Les autorités de la République du Congo et de la République démocratique du Congo ont privilégié la voie de l’apaisement après l’incident survenu dans la nuit du 26 au 27 août 2026 à Makotipoko, impliquant des patrouilles fluviales des deux pays.
À l’issue des échanges entre les autorités concernées, un communiqué conjoint a été rendu public ce vendredi à Brazzaville par les ministres des Affaires étrangères des deux pays, Constant Serge Bounda et Thérèse Kayikwamba Wagner.
Les discussions ont permis d’aboutir à des mesures concrètes pour le rapatriement, dans les prochaines heures, des deux ressortissants congolais retenus à la suite de l’incident.
Les deux gouvernements ont exprimé leurs regrets face à cet épisode et réaffirmé leur volonté de préserver les relations de bon voisinage entre Kinshasa et Brazzaville.
Frontière fluviale entre les deux Congo : au-delà de l’incident, l’urgence d’un mécanisme de prévention

Au-delà de l’incident, cette réaction commune traduit la volonté des deux capitales d’éviter une escalade et de privilégier le dialogue, la coordination entre les services concernés et le règlement pacifique des différends, conformément à l’esprit de coopération voulu par les deux chefs d’État.
L’incident survenu ces derniers jours sur la frontière fluviale entre la République du Congo et la République démocratique du Congo mérite mieux qu’une simple polémique sur les réseaux sociaux.
Selon plusieurs témoignages et informations relayés en ligne, des éléments des forces des deux pays auraient été impliqués dans un incident dans la zone de Makotimpoko-Yumbi. Deux agents de la République du Congo auraient notamment été conduits à Yumbi par les forces congolaises de la RDC. Si les images qui circulent interpellent, les circonstances exactes des faits doivent encore être établies par une enquête et des communications officielles.

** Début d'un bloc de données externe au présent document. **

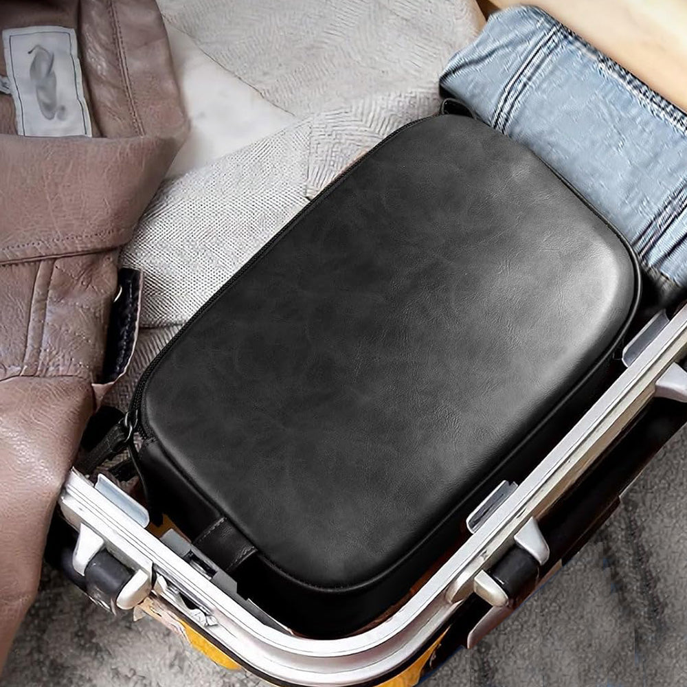 Made from high-quality odor-free TPU and leather materials, this toiletry bag keeps your items dry even in humid environments while preventing unwanted odors. The surface is easy to clean—just wipe it down for a fresh look, making it ideal for bathroom or sink-side use.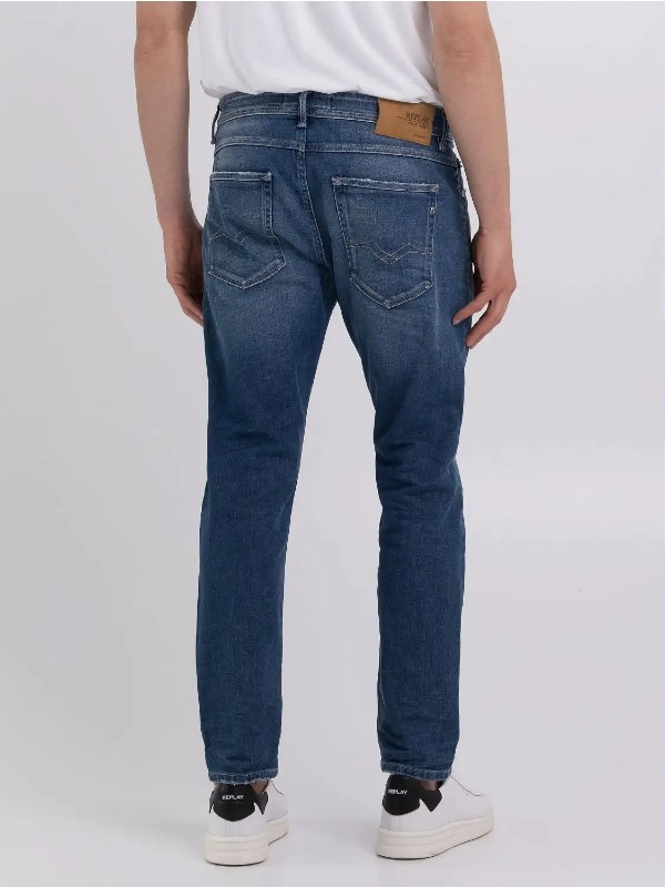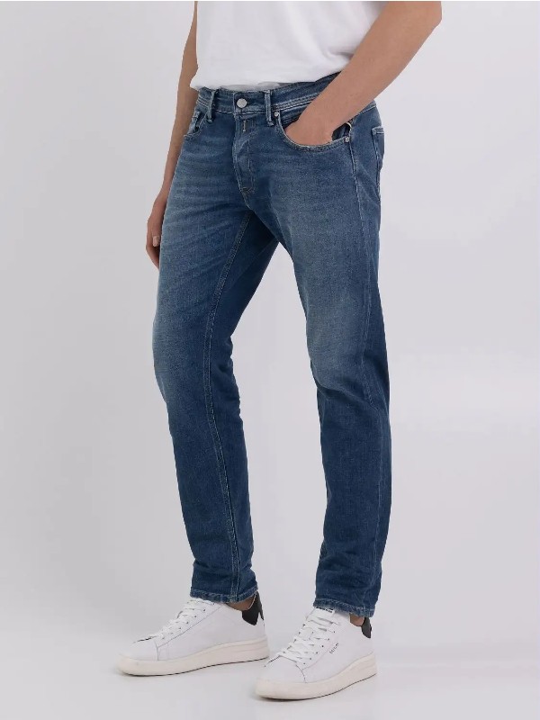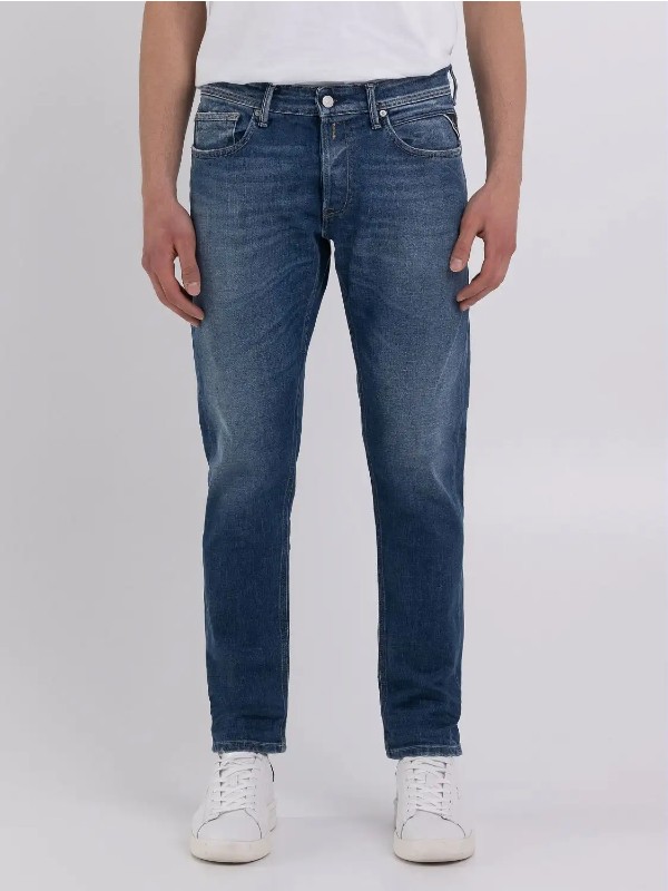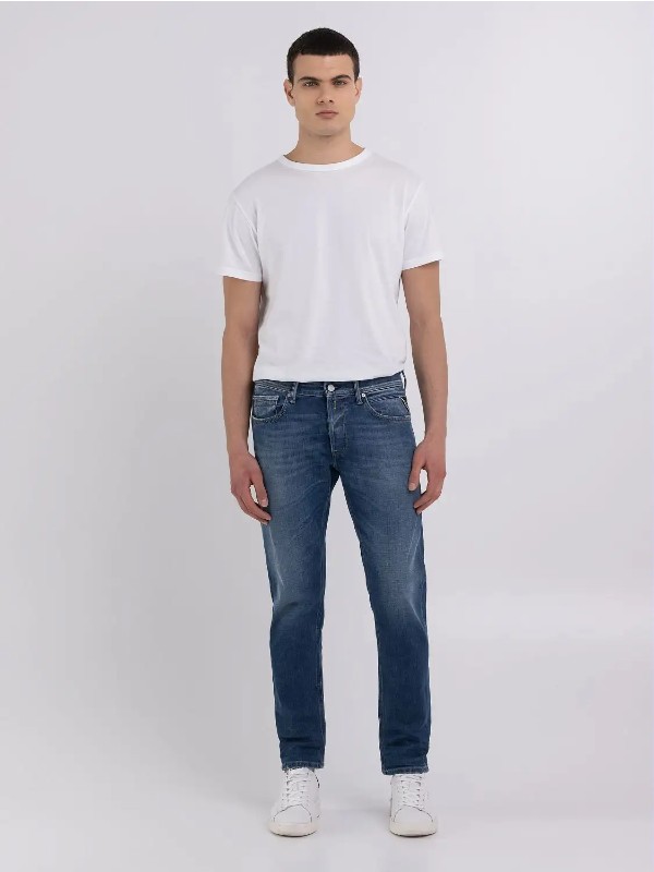 Τζιν με κανονική εφαρμογή με ελαφρώς tapered πόδι για στενή και ταυτόχρονα άνετη εφαρμογή. Με καθαρή και μοντέρνα εμφάνιση, το ρούχο είναι φτιαγμένο από βαμβακερό τζιν indigo 11,5 ουγκιές βαθύ μπλε indigo με μεσαίο τόνο πλύσης. Το τζιν έχει πέντε τσέπες χαρακτηρίζεται από το χειροποίητο ξύσιμο και από το βούρτσισμα που δημιουργεί αντίθετα χρώματα στις χρησιμοποιημένες περιοχές.

Au-delà des responsabilités individuelles, cet épisode met en lumière la fragilité de la gestion de la frontière fluviale entre les deux États.
Le fleuve Congo est à la fois une frontière internationale, une voie de navigation, un espace de pêche et un lieu de circulation quotidien pour les populations riveraines. Cette superposition des usages peut favoriser les malentendus lorsque les mécanismes de coordination entre les forces chargées de la surveillance restent insuffisants.
L’enjeu est donc désormais d’éviter l’escalade. Kinshasa et Brazzaville doivent établir les faits, déterminer les responsabilités et garantir les droits des agents concernés, tout en empêchant que l’incident ne soit transformé en confrontation entre les deux opinions publiques.
Cette situation devrait surtout servir d’avertissement. La mise en place de patrouilles coordonnées, de canaux de communication directs entre les forces fluviales et d’un mécanisme rapide de règlement des incidents permettrait de prévenir de nouveaux affrontements.

La question ne devrait donc pas être uniquement de savoir qui a commencé, mais surtout de comprendre pourquoi un incident local a pu prendre une dimension impliquant les forces de deux États.
Entre la RDC et la République du Congo, le fleuve Congo doit rester un espace de coopération et non devenir une nouvelle source de tensions diplomatiques.